* _INPUT_:
┌──
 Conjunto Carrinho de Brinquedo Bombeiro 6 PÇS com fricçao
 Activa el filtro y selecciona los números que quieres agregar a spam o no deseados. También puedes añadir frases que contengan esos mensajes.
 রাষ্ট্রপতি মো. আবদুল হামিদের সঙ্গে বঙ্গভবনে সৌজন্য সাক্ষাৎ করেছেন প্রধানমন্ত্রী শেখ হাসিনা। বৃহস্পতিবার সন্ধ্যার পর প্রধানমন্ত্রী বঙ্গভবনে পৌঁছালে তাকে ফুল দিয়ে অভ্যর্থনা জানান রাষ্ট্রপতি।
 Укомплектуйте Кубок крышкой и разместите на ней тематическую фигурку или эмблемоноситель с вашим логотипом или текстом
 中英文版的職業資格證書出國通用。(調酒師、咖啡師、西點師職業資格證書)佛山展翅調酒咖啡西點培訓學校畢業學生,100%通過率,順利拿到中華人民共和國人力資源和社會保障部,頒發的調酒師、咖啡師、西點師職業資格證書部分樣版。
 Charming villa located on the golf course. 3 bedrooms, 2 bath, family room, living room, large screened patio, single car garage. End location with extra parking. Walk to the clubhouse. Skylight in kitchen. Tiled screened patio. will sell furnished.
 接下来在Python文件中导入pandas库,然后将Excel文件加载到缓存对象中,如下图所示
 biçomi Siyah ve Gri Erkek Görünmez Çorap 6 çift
└──
┌──
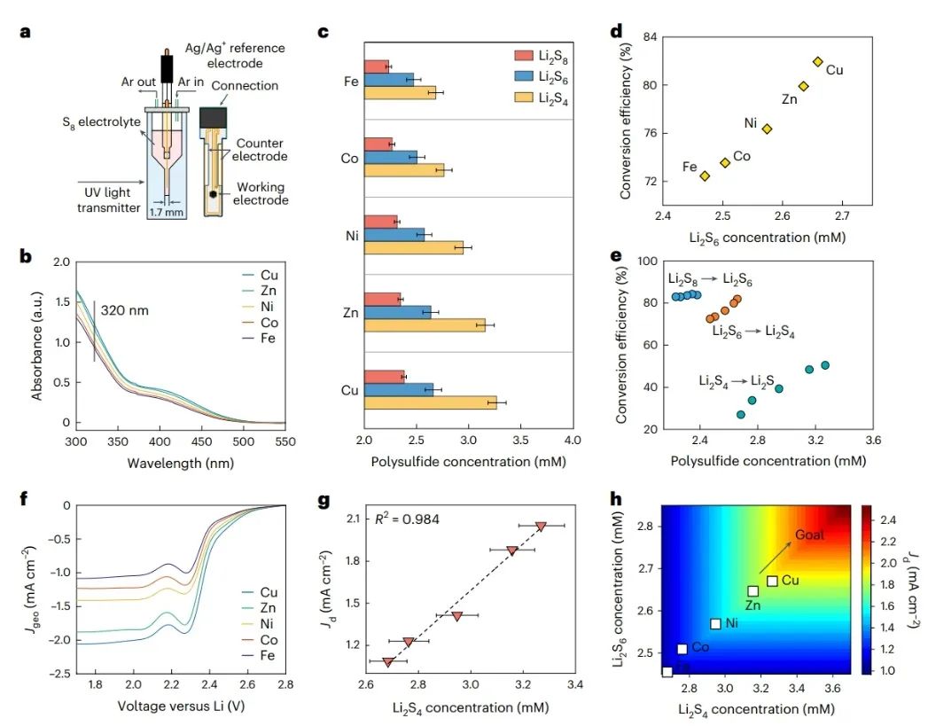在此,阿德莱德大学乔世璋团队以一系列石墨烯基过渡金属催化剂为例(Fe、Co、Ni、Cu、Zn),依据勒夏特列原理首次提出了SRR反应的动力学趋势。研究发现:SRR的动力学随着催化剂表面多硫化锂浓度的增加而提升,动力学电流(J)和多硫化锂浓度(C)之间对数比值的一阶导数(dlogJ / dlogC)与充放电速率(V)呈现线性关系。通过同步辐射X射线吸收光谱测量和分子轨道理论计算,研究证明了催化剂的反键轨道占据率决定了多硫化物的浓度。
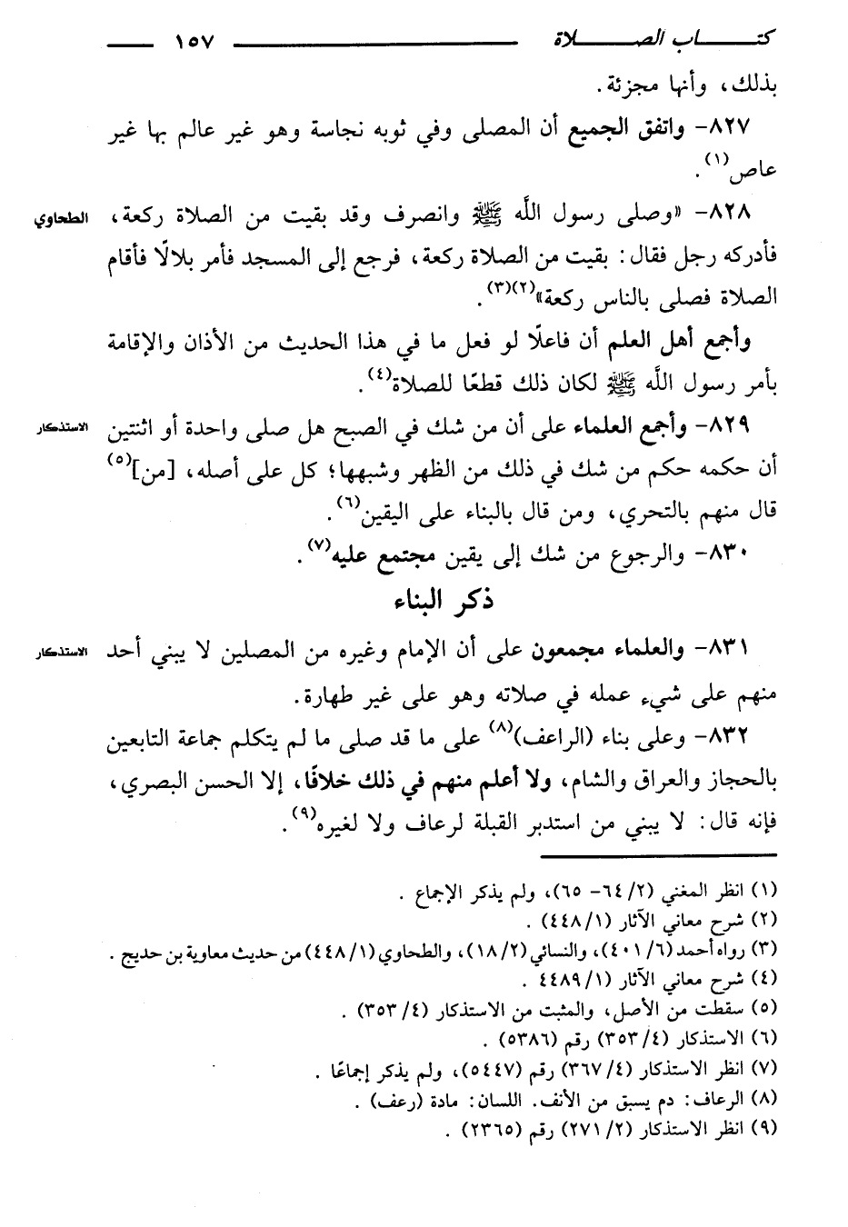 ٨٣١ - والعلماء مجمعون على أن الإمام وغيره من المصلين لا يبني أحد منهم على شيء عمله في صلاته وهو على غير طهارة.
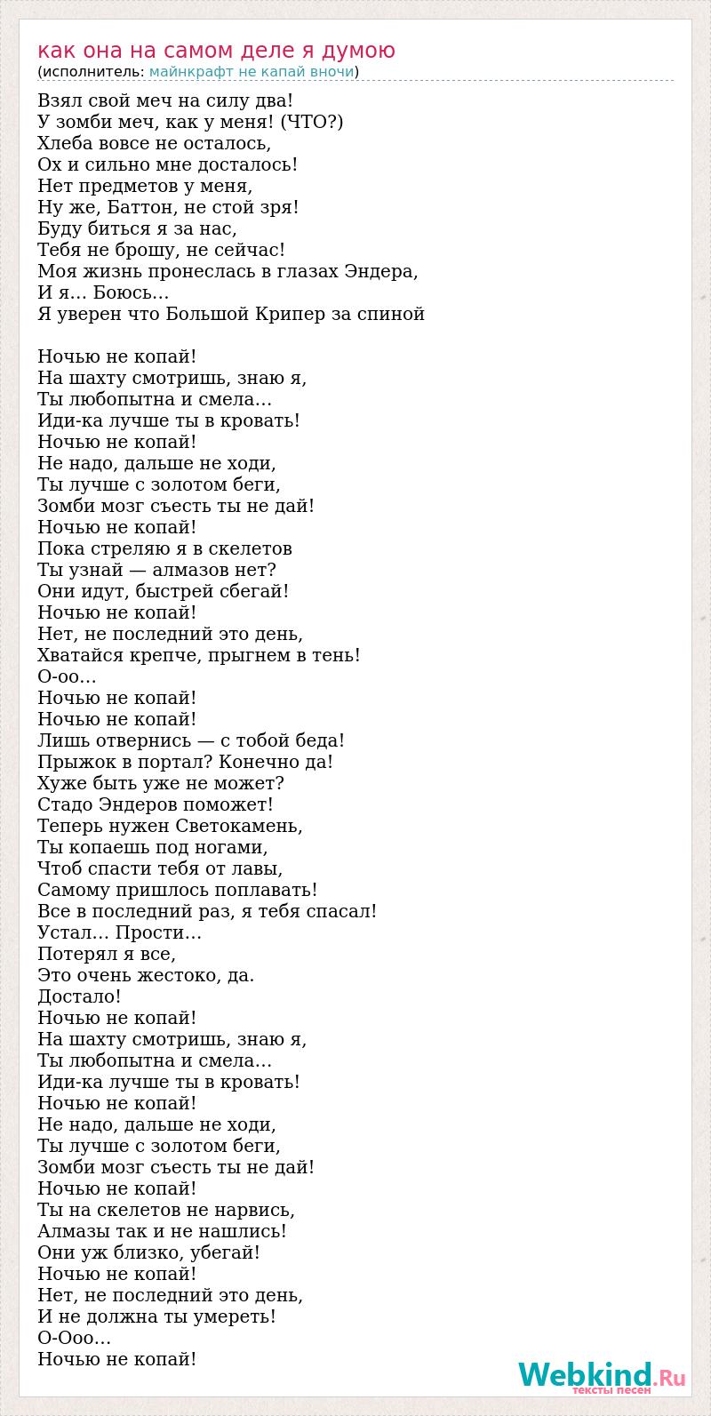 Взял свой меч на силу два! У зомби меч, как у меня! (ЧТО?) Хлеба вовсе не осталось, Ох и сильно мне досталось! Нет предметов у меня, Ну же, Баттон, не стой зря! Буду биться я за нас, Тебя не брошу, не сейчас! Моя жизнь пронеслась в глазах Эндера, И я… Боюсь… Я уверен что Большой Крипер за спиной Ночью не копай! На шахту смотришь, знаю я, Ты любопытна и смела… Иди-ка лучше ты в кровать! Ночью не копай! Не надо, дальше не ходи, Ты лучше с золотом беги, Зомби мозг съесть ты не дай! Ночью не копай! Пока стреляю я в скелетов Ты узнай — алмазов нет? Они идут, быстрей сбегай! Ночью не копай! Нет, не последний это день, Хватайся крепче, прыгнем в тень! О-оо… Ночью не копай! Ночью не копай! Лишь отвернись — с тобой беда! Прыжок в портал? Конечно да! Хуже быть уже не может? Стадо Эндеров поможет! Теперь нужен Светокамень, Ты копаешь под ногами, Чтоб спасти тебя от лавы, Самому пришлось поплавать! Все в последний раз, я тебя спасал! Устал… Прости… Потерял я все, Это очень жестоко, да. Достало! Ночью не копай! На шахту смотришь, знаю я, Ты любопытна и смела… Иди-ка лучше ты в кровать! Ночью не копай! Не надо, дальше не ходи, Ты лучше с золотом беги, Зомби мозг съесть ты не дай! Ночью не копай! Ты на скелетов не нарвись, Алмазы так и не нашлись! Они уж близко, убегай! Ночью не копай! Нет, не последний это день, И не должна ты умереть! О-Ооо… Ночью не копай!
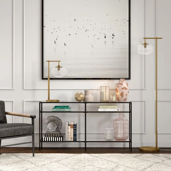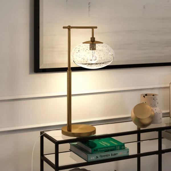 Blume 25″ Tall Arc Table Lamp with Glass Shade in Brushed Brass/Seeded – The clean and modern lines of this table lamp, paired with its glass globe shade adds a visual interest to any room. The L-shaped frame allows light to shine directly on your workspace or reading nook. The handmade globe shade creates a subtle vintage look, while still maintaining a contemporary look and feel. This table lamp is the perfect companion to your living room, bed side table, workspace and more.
└──
* _WORK TO COMPLETE_: Retype the entries above exactly, but only from the line containing "Activa el filtro" through the line containing "biçomi Siyah ve", both included.

* _RESPONSE FOR THIS EXERCISE_:
 Activa el filtro y selecciona los números que quieres agregar a spam o no deseados. También puedes añadir frases que contengan esos mensajes.
 রাষ্ট্রপতি মো. আবদুল হামিদের সঙ্গে বঙ্গভবনে সৌজন্য সাক্ষাৎ করেছেন প্রধানমন্ত্রী শেখ হাসিনা। বৃহস্পতিবার সন্ধ্যার পর প্রধানমন্ত্রী বঙ্গভবনে পৌঁছালে তাকে ফুল দিয়ে অভ্যর্থনা জানান রাষ্ট্রপতি।
 Укомплектуйте Кубок крышкой и разместите на ней тематическую фигурку или эмблемоноситель с вашим логотипом или текстом
 中英文版的職業資格證書出國通用。(調酒師、咖啡師、西點師職業資格證書)佛山展翅調酒咖啡西點培訓學校畢業學生,100%通過率,順利拿到中華人民共和國人力資源和社會保障部,頒發的調酒師、咖啡師、西點師職業資格證書部分樣版。
 Charming villa located on the golf course. 3 bedrooms, 2 bath, family room, living room, large screened patio, single car garage. End location with extra parking. Walk to the clubhouse. Skylight in kitchen. Tiled screened patio. will sell furnished.
 接下来在Python文件中导入pandas库,然后将Excel文件加载到缓存对象中,如下图所示
 biçomi Siyah ve Gri Erkek Görünmez Çorap 6 çift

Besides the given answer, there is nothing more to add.